Huang et al. (U.S. Patent Application Publication No. 2009/0296361) “relates to a packaging structure of the integrated circuit module for covering the TXCO.” Huang et al. at paragraph 2. In contrast with the previously mentioned patents, this patent application is about isolating the oscillator and preventing it from exchanging heat with the environment. Huang et al. at paragraph 7. “TCXO is disposed inside a packaging structure so that the influence of environmental temperature different to the TCXO is decreasing and the performance of TCXO is optimized.” Huang et al. at paragraph 10. Huang et al. further states, “In other words, the heat of the TCXO 120 does not easily transfer to the environment and vice versa so that the temperature of the space containing the TCXO 120 maintains at a predetermined value.” Huang et al. at paragraph 21. Huang et al. further describes a hole used to further isolate the oscillator from the temperature of the environment, stating, “The second embodiment is shown in FIG. 4. In the second embodiment, the substrate 110 further comprises at least one hole 114.” Huang et al. at paragraph 26. However, Huang et al. further notes, “The hole 114 is defined under the TCXO 120.” Id. That is, Huang et al. uses the hole only for isolation. As a result, Huang et al. still requires an expensive metal casing to enclose an oscillator, on top of a thermosetting material, such as glue. Furthermore, Huang et al. discloses a crystal oscillator disposed on the top surface of the substrate with a hole positioned under the geometric center of the oscillator, meaning that the oscillator is not located in a hole, but rather on top of a hole, and that the oscillator requires further enclosure/heat protection, which adds expense the manufacturing process.

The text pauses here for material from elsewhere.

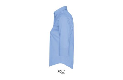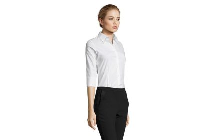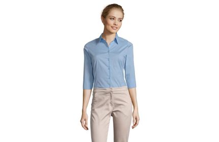 SOL'S EFFECT je ženska košulja sa 3/4 rukavima koja kombinuje moderan stil i ženstveni kroj. Izrađena od POPLIN STRETCH materijala od 140 g/m² (97% pamuk i 3% elastin), pruža udobnost i slobodu pokreta zahvaljujući elastičnom sastavu. Kroj koji prati liniju tela naglašava eleganciju, dok kragna sa jednim dugmetom i manžetne sa mogućnošću podešavanja doprinose praktičnosti i urednom izgledu. Savršen izbor za poslovne prilike i promotivne aktivnosti.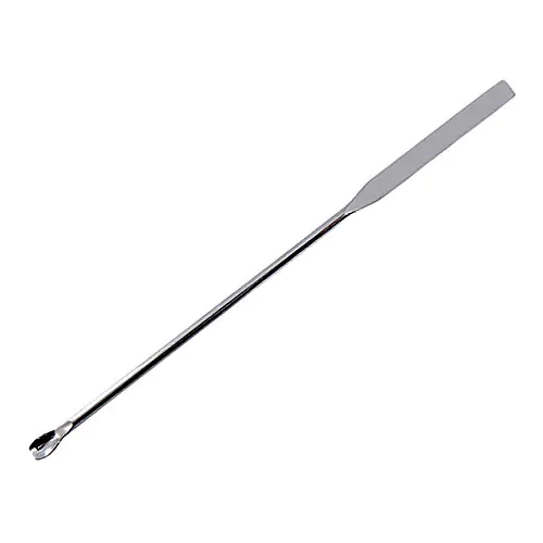 Stainless Steel Lab Spatula 200mm. No corner is out of reach, and no materials are lost. Handles crystals, powders, granular and solid substances, as well as thick liquids or delicate substances. Made from stainless steel, it will not bend. Has both the spoon end and the spatula end.

Dydyk et al. (U.S. Pat. No. 4,514,707) is entitled, “Dielectric Resonator Controlled Planar IMPATT Diode Oscillator.” This patent teaches that a “first tunable resonator controlling the fundamental frequency of the oscillator and a second tunable resonator controlling the second harmonic frequency of the oscillator are coupled to the first transmission line between the diode and the stabilizing load so that independent control of the fundamental and the second harmonic is attained in a temperature stable device.” Dydyk et al. at abstract. The system is manufactured with a hole below the oscillator circuit to facilitate tuning of the oscillator frequency. Dydyk et al. specifically states, “A tuner introduced from above the dielectric resonator is widely known to those skilled in the art and needs no further elaboration. A tuner may be introduced from below the dielectric resonator by means of a hole in the substrate and the ground plane through which the tuner can travel all the way to the dielectric resonator. The amount of tuner penetration is adjustable based upon need. With the tuner flush with the lower ground plane, the plane opposite the resonator, and the separation between the dielectric resonator and tuner increasing, negligible frequency tuning will be observed. The size of the through hole in the substrate is made smaller than the diameter of the dielectric resonator for the purposes of providing support for the dielectric resonator.” Dydyk et al. at col. 4, lines 18-31. That is, a hole, if one is made, is used to pass through a tuner, not to house an oscillator.
In Morino et al. (U.S. Pat. No. 5,661,441), the inventors present a “Dielectric Resonator Oscillator and Method of Manufacturing the Same.” Morino et al. at title. Morino et al. states, “A hole 36 in the substrate 34 allows the dielectric resonator 31 to contact case 37.” Morino et al. at col. 1, lines 19-20. However, the oscillator itself is enclosed in a metal case, and as such, the hole is not for the purpose of housing the oscillator but rather for the purpose of providing coupling between the resonating oscillator and the metal case. As part of the manufacturing process as described in FIG. 1, “A dielectric resonator 1 having cream solder 15 applied to its bottom 9 is mounted on the metal plate 6 through the hole 12 in the substrate 2.” Morino et al. at col. 2, lines It should be noted that the hole in Morino et al. is to facilitate heat transfer between the oscillator and the metal housing case. Also, the oscillator is substantially mounted above the substrate, and the hole is just used to thermally attach the oscillator to the metal case and is not used to house the oscillator.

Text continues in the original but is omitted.